To fix this, we changed to retransmit DLM_RCOM_STATUS message rather than
waiting DLM_RCOM_STATUS_REPLY message infinitly at dlm_wait_function().
The normal DLM_RCOM_STATUS_REPLY message is replied from the receiving side
after receiving (second) DLM_RCOM_STATUS message.

thanks,
-- owa

-----Original Message-----
From: David Teigland [mailto:teigland at redhat.com] 
Sent: Thursday, August 10, 2017 1:16 AM
To: owa tsutomu(大輪 勤 ＴＭＣ ○ＳＳＤジ□ＥＳ技○ＥＳ五)
Cc: cluster-devel at redhat.com; miyauchi tadashi(宮内 忠志 ＴＯＰＳ （ＳＷ開）［基本］)
Subject: Re: [Cluster-devel] [PATCH 08/17] dlm: retry rcom when dlm_wait_function is timed out.

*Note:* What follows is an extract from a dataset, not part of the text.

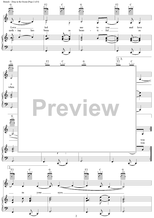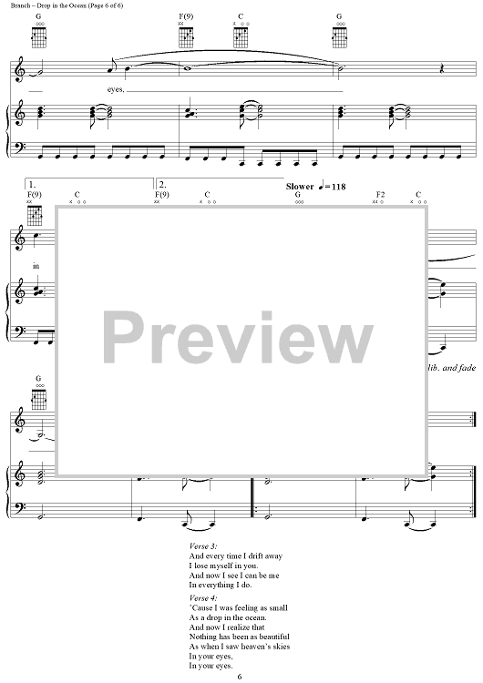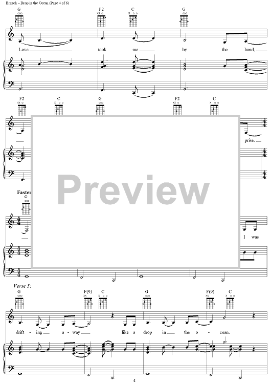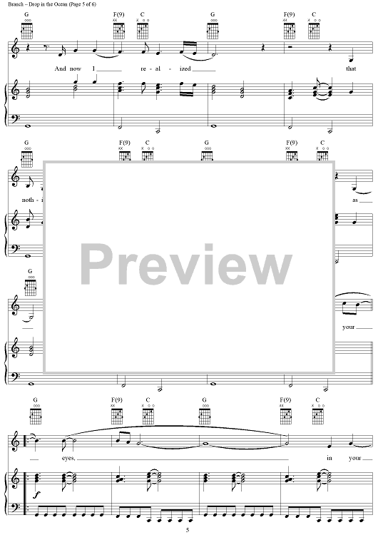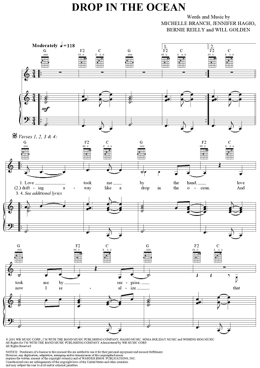 Digital Sheet Music for Drop in the Ocean by Michelle Branch, Jennifer Hagio, Bernie Reilly, Will Golden scored for Piano/Vocal/Chords; id:305261

On Wed, Aug 09, 2017 at 05:50:31AM +0000, tsutomu.owa at toshiba.co.jp wrote:
> If a node sends a DLM_RCOM_STATUS command and an error occurs on the
> receiving side, the DLM_RCOM_STATUS_REPLY response may not be returned.
> We retransmitted the DLM_RCOM_STATUS command so that we do not wait for
> an infinite response.

I'm curious to know more about this case.  Could you describe a little
more about what happens?  e.g  what sort of error did you see on the
receiving side, why did that cause the response to not be returned, what
result do you get from the repeated status request?
Thanks

> 
> Signed-off-by: Tadashi Miyauchi <miyauchi at toshiba-tops.co.jp>
> Signed-off-by: Tsutomu Owa <tsutomu.owa at toshiba.co.jp>
> ---
>  fs/dlm/rcom.c    | 6 ++++++
>  fs/dlm/recover.c | 4 ++++
>  2 files changed, 10 insertions(+)
> 
> diff --git a/fs/dlm/rcom.c b/fs/dlm/rcom.c
> index f3f5e72..4ff061d 100644
> --- a/fs/dlm/rcom.c
> +++ b/fs/dlm/rcom.c
> @@ -155,6 +155,7 @@ int dlm_rcom_status(struct dlm_ls *ls, int nodeid, uint32_t status_flags)
>  		goto out;
>  	}
>  
> +retry:
>  	error = create_rcom(ls, nodeid, DLM_RCOM_STATUS,
>  			    sizeof(struct rcom_status), &rc, &mh);
>  	if (error)
> @@ -169,6 +170,8 @@ int dlm_rcom_status(struct dlm_ls *ls, int nodeid, uint32_t status_flags)
>  
>  	error = dlm_wait_function(ls, &rcom_response);
>  	disallow_sync_reply(ls);
> +	if (error == -ETIMEDOUT)
> +		goto retry;
>  	if (error)
>  		goto out;
>  
> @@ -276,6 +279,7 @@ int dlm_rcom_names(struct dlm_ls *ls, int nodeid, char *last_name, int last_len)
>  
>  	ls->ls_recover_nodeid = nodeid;
>  
> +retry:
>  	error = create_rcom(ls, nodeid, DLM_RCOM_NAMES, last_len, &rc, &mh);
>  	if (error)
>  		goto out;
> @@ -288,6 +292,8 @@ int dlm_rcom_names(struct dlm_ls *ls, int nodeid, char *last_name, int last_len)
>  
>  	error = dlm_wait_function(ls, &rcom_response);
>  	disallow_sync_reply(ls);
> +	if (error == -ETIMEDOUT)
> +		goto retry;
>   out:
>  	return error;
>  }
> diff --git a/fs/dlm/recover.c b/fs/dlm/recover.c
> index eaea789..ce2aa54 100644
> --- a/fs/dlm/recover.c
> +++ b/fs/dlm/recover.c
> @@ -52,6 +52,10 @@ int dlm_wait_function(struct dlm_ls *ls, int (*testfn) (struct dlm_ls *ls))
>  					dlm_config.ci_recover_timer * HZ);
>  		if (rv)
>  			break;
> +		if (test_bit(LSFL_RCOM_WAIT, &ls->ls_flags)) {
> +			log_debug(ls, "dlm_wait_function timed out");
> +			return -ETIMEDOUT;
> +		}
>  	}
>  
>  	if (dlm_recovery_stopped(ls)) {
> -- 
> 2.7.4
> 
>